Collection entries:
┄┄┄┄┄┄

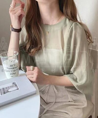 ブラウス トップス レディース セット インナー オシャレ シャツ ゆったり vネック 長袖 きれいめ 無地 可愛い 着痩せ 春 秋 夏 韓国風 可愛い 40代 夏 新作 大きいサイズ 入学式 オフィ | Jeannede ジャンヌデ
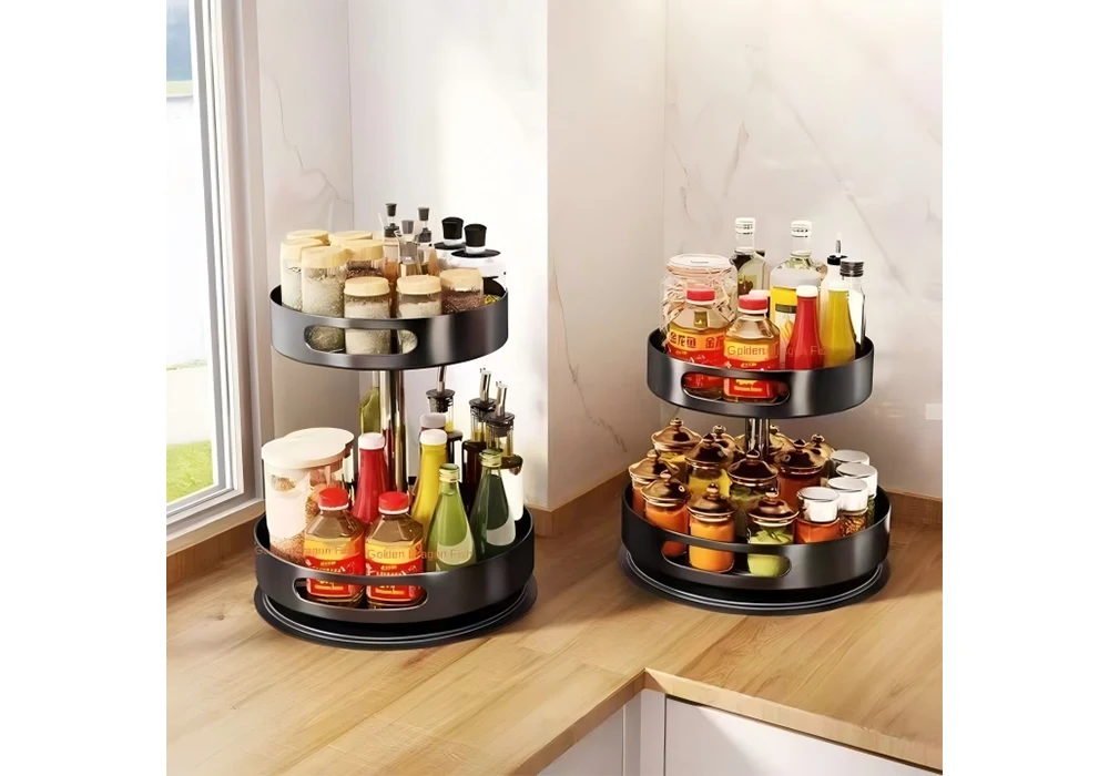 Optimisez l’espace de votre cuisine avec cet organisateur rotatif 360° en métal noir, conçu pour offrir un accès rapide et un rangement parfaitement structuré. Grâce à sa rotation fluide, il permet d’attraper facilement épices, huiles, sauces et condiments sans déplacer l’ensemble, rendant votre quotidien plus pratique et organisé.
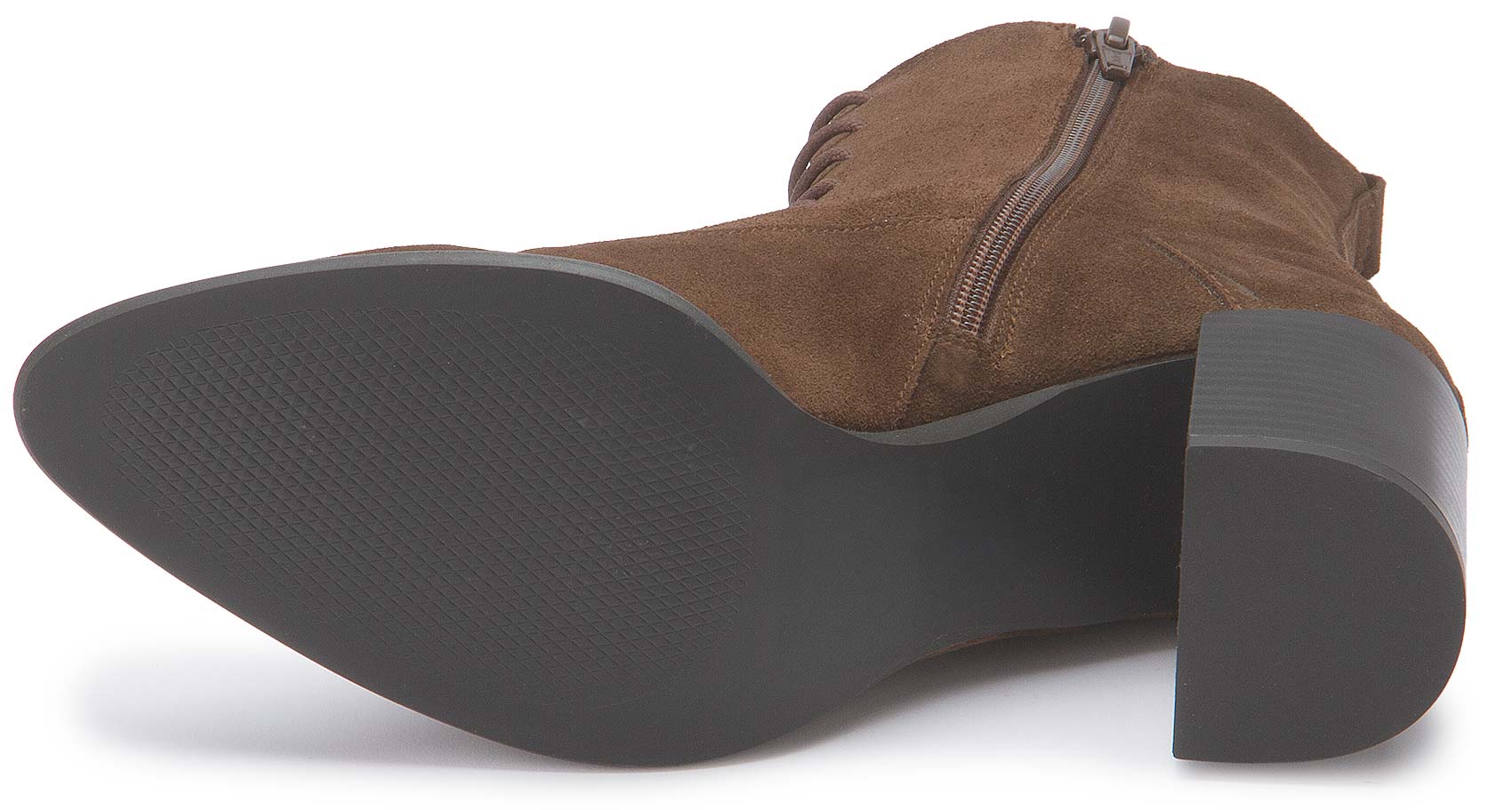 Schlicht, elegant und vielseitig kombinierbar: Diese Bariello Stiefelette aus weichem, braunem Rauleder besticht durch ihr klares Design und den bequemen Blockabsatz. Ein seitlicher Reißverschluss in Kombination mit der Schnürung ermöglicht ein unkompliziertes An- und Ausziehen und ergänzt das zeitlose Erscheinungsbild mit dezenten Akzenten.
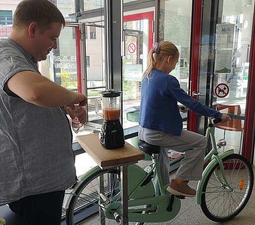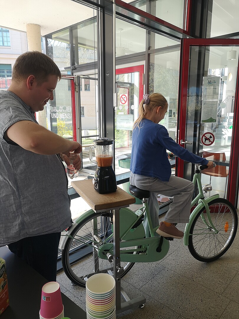 Besonderer Publikumsliebling am Standort Görlitz war das Smoothie-Bike – ein umgebautes Fahrrad mit Mixer, bei dem Besucher*innen durch kräftiges Strampeln ihren eigenen Smoothie herstellen konnten. In Zittau sorgte die studentische DeziBar für Verpflegung und Getränke.
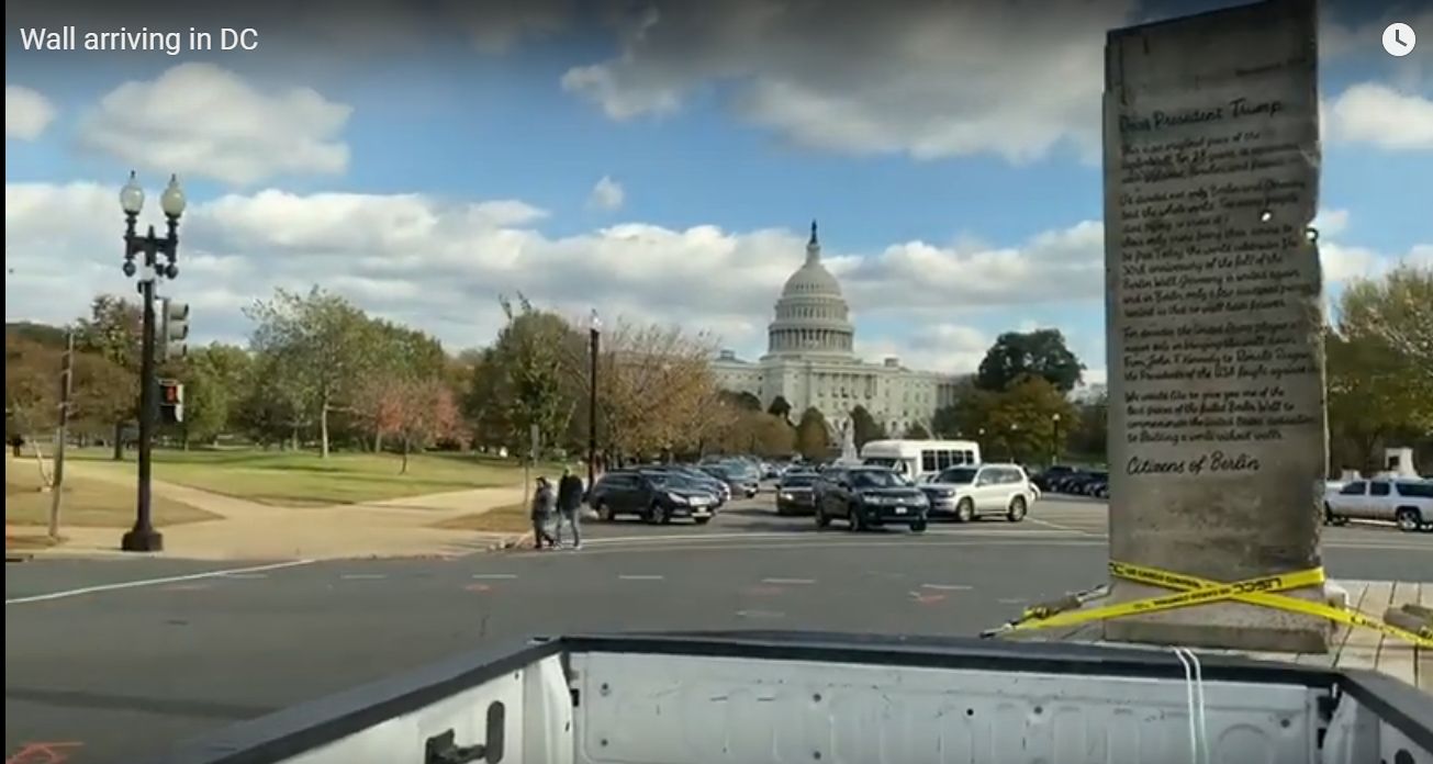 Un pedazo del Muro de Berlín dedicado a Trump llega a Washington DC. Crédito: Captura de pantalla YouTube/Justin Rohrlich
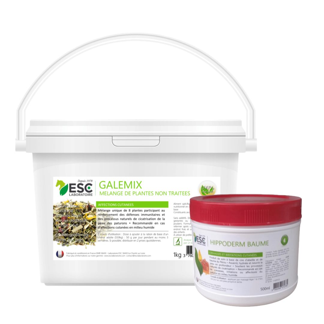 Pack pour lutter contre la gale de boue du cheval aussi bien de l'intérieur en drainant et en renforçant le système immunitaire, que de l'extérieur avec une crème spécifique à appliquer sur la zone lésée.
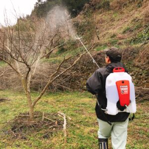 農薬の風向きに気を付けながら2本のスモモに満遍なく散布します。
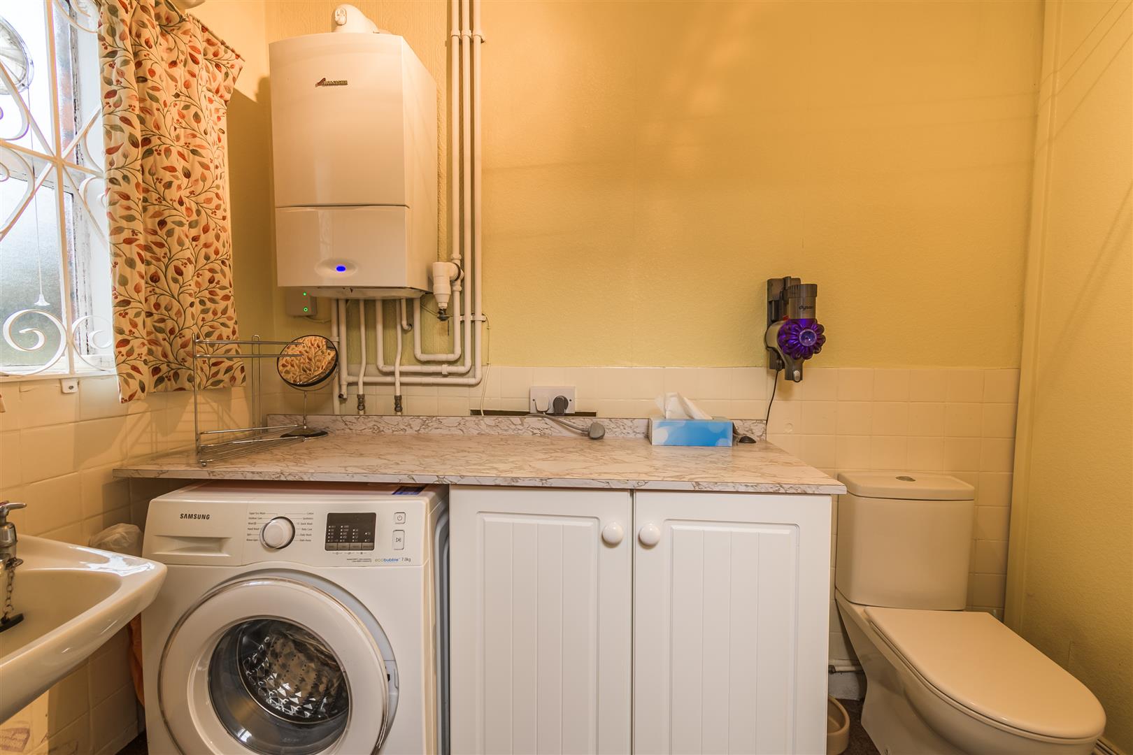 Papered ceiling with coving, papered walls. Fitted carpet flooring. Wall mounted radiator. Aluminium Framed window with obscured glass to the site elevation. Base units. Wood laminate worktop. Space for washing machine. Pedestal wash hand basin, close coupled toilet. Wall mounted combination boiler. Wood framed door leading through to the kitchen.
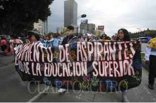 CIUDAD DE MÉXICO, 08AGOSTO2016.- Jóvenes pertenecientes del Movimiento de Aspirantes Excluidos de la Educación Superior (MAES) marcharon rumbo a la Secretaría de Educación Pública, para exigir los que es su derechos, estudiar. FOTO: ARMANDO MONROY /CUARTOSCURO.COM
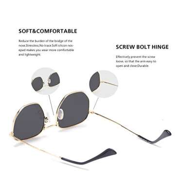 Hipster Hexagonal Polarized Sunglasses Men Women Geometric Square Small Vintage Metal Frame Retro Shade Glasses (Gold Black)
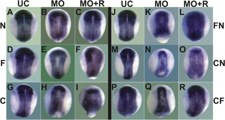 Figure 2. Single Morphants and Double Morphants Still Form a Substantial Neural PlateAll panels show sox2 expression to visualize the neural plate (dorsal views with anterior to the bottom) in neurula embryos (st 14â15). Uninjected embryos are shown (A, D, and G) with sibling noggin morphants (B), follistatin morphants (E), and chordin morphants (H). Double morphants include follistatin/noggin (K), chordin/noggin (N), and chordin/follistatin (Q) and are shown with sibling uninjected embryos (J, M, and P). Morphants were rescued with pufferfish noggin (C, F, I, L, O, and R). Abbreviations are as follows: F = follistatin, C = chordin, N = noggin, UC = uninjected sibling control embryos, MO = morphant, and MO + R = morphant rescued with noggin mRNA. |
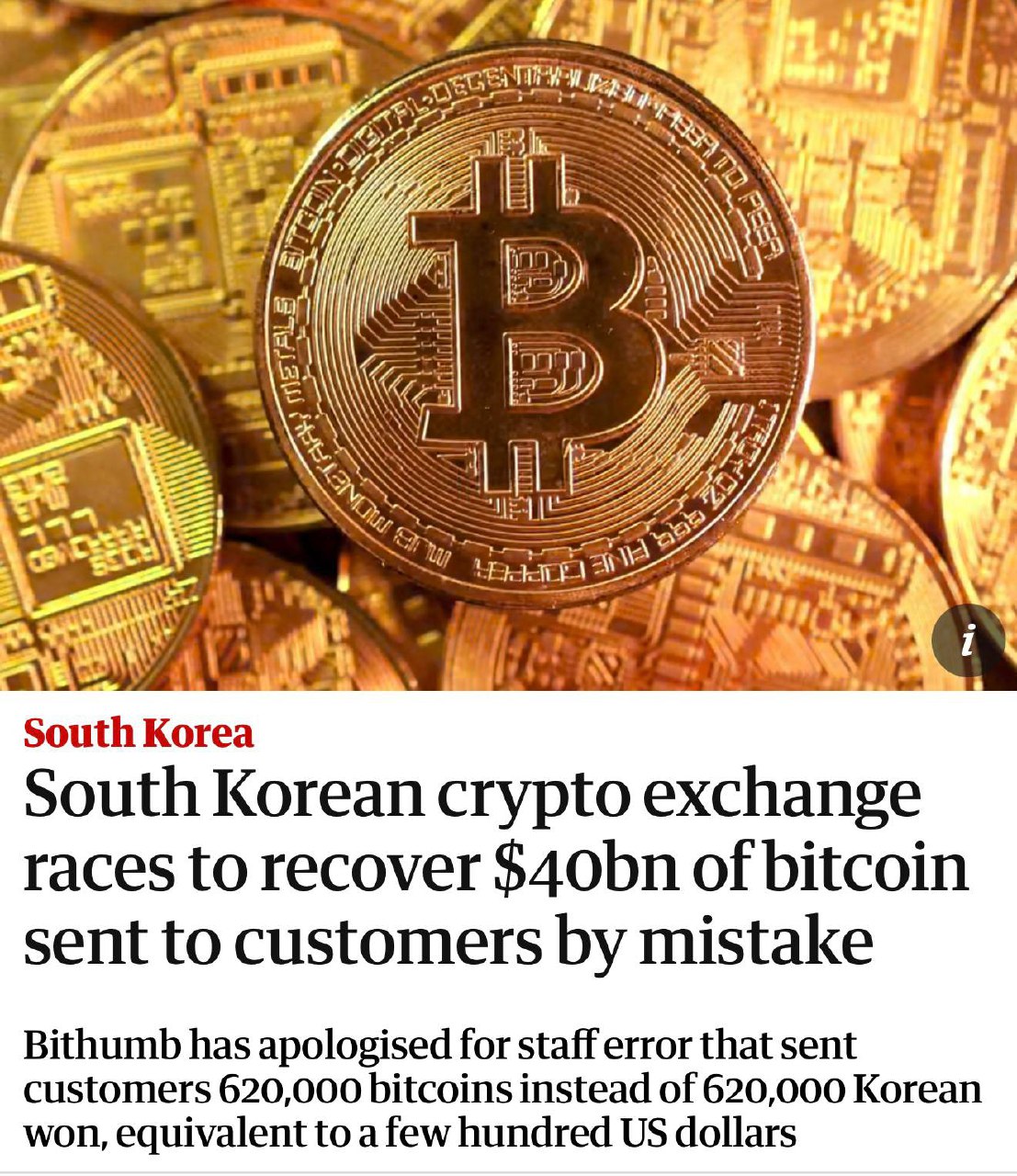 한국의 암호화폐 거래소 비썸(Bithumb)이 고객에게 잘못 전송된 약 400억 달러 상당의 비트코인을 긴급 회수했습니다.

┄┄┄┄┄┄

:: Exercise instructions ::
Copy the final stretch of lines, starting at the one that holds "CIUDAD DE MÉXICO, 08AGOSTO2016.- Jóvenes" and ending at the last line of the data, exactly; omit pictures.

:: Response ::
 CIUDAD DE MÉXICO, 08AGOSTO2016.- Jóvenes pertenecientes del Movimiento de Aspirantes Excluidos de la Educación Superior (MAES) marcharon rumbo a la Secretaría de Educación Pública, para exigir los que es su derechos, estudiar. FOTO: ARMANDO MONROY /CUARTOSCURO.COM
 Hipster Hexagonal Polarized Sunglasses Men Women Geometric Square Small Vintage Metal Frame Retro Shade Glasses (Gold Black)
 Figure 2. Single Morphants and Double Morphants Still Form a Substantial Neural PlateAll panels show sox2 expression to visualize the neural plate (dorsal views with anterior to the bottom) in neurula embryos (st 14â15). Uninjected embryos are shown (A, D, and G) with sibling noggin morphants (B), follistatin morphants (E), and chordin morphants (H). Double morphants include follistatin/noggin (K), chordin/noggin (N), and chordin/follistatin (Q) and are shown with sibling uninjected embryos (J, M, and P). Morphants were rescued with pufferfish noggin (C, F, I, L, O, and R). Abbreviations are as follows: F = follistatin, C = chordin, N = noggin, UC = uninjected sibling control embryos, MO = morphant, and MO + R = morphant rescued with noggin mRNA. |
 한국의 암호화폐 거래소 비썸(Bithumb)이 고객에게 잘못 전송된 약 400억 달러 상당의 비트코인을 긴급 회수했습니다.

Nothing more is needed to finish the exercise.